● **Problem**
In the records below, find every line that contains "with" and list it.

● **Exercise materials**
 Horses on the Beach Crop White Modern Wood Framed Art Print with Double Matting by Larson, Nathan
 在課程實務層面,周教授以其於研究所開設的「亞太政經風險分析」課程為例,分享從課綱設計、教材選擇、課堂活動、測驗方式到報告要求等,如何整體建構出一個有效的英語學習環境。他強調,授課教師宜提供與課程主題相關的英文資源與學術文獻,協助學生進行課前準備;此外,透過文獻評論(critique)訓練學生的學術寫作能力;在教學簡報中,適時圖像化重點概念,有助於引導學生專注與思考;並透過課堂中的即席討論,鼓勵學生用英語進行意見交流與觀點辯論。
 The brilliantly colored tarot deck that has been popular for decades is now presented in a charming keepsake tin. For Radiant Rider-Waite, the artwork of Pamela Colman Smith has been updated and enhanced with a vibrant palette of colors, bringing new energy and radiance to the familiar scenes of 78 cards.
==
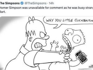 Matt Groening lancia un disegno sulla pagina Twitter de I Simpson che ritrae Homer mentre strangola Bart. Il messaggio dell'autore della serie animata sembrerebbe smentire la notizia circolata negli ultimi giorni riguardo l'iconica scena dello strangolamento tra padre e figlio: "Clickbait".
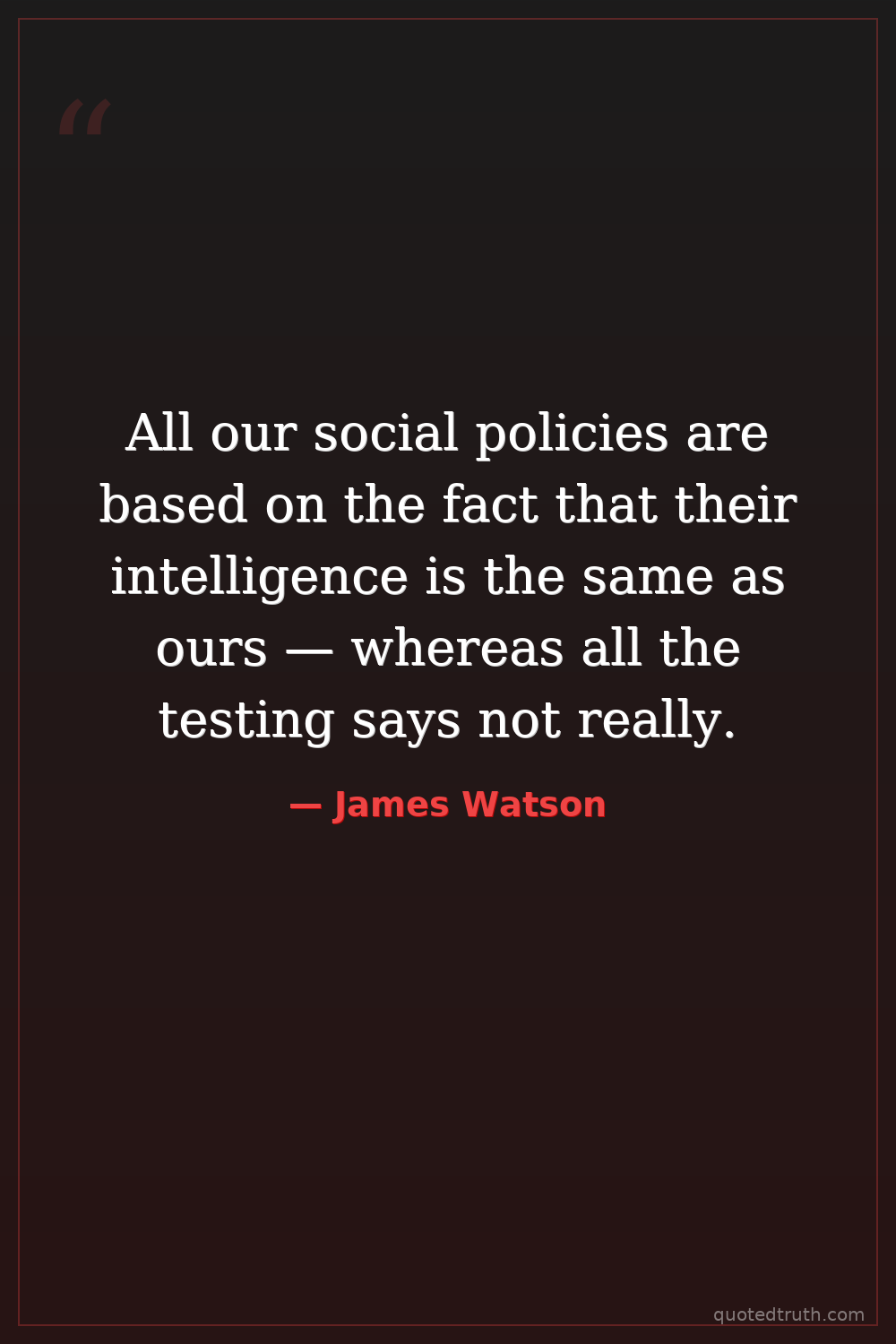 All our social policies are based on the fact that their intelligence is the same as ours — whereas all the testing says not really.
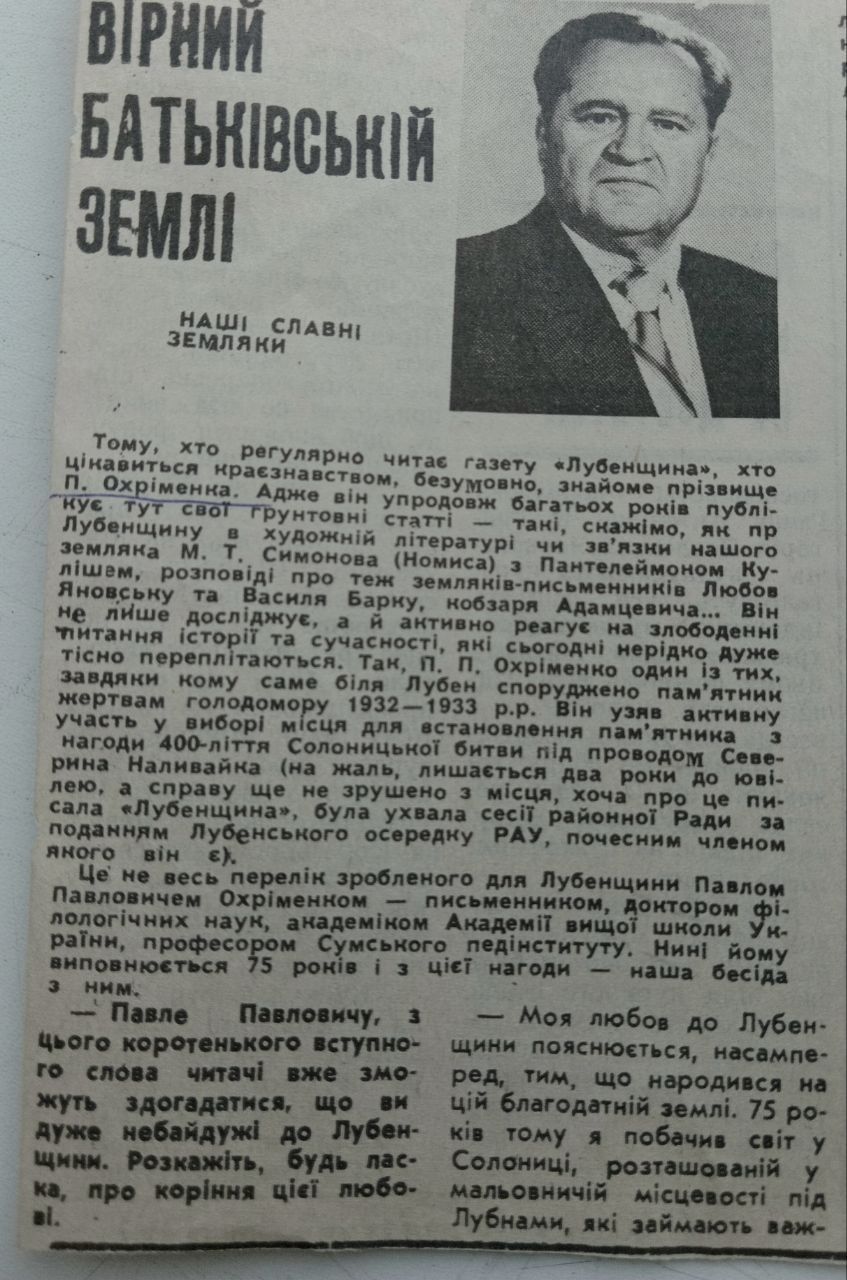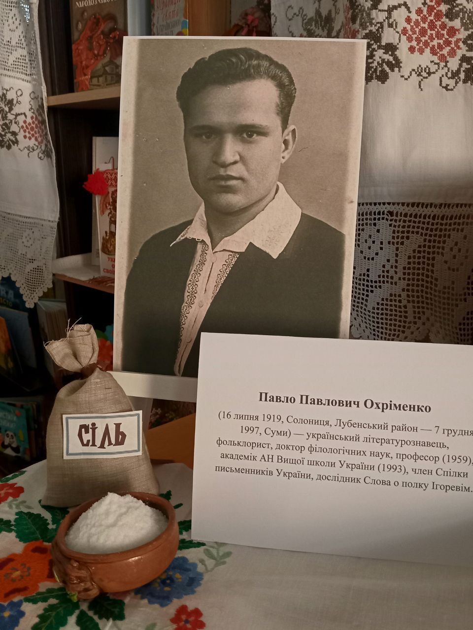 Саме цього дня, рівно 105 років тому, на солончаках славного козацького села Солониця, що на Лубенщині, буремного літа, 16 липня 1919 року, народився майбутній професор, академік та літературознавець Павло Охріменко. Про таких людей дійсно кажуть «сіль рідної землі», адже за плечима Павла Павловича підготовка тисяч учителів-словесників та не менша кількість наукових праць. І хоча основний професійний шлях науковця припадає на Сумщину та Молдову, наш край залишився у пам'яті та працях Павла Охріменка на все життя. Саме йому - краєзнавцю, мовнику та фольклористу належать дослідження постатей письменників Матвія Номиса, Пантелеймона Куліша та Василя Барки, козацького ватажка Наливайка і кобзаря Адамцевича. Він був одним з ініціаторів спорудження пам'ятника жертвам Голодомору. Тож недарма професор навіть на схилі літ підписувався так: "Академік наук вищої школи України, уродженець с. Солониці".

● **Answer space**
 Horses on the Beach Crop White Modern Wood Framed Art Print with Double Matting by Larson, Nathan
 The brilliantly colored tarot deck that has been popular for decades is now presented in a charming keepsake tin. For Radiant Rider-Waite, the artwork of Pamela Colman Smith has been updated and enhanced with a vibrant palette of colors, bringing new energy and radiance to the familiar scenes of 78 cards.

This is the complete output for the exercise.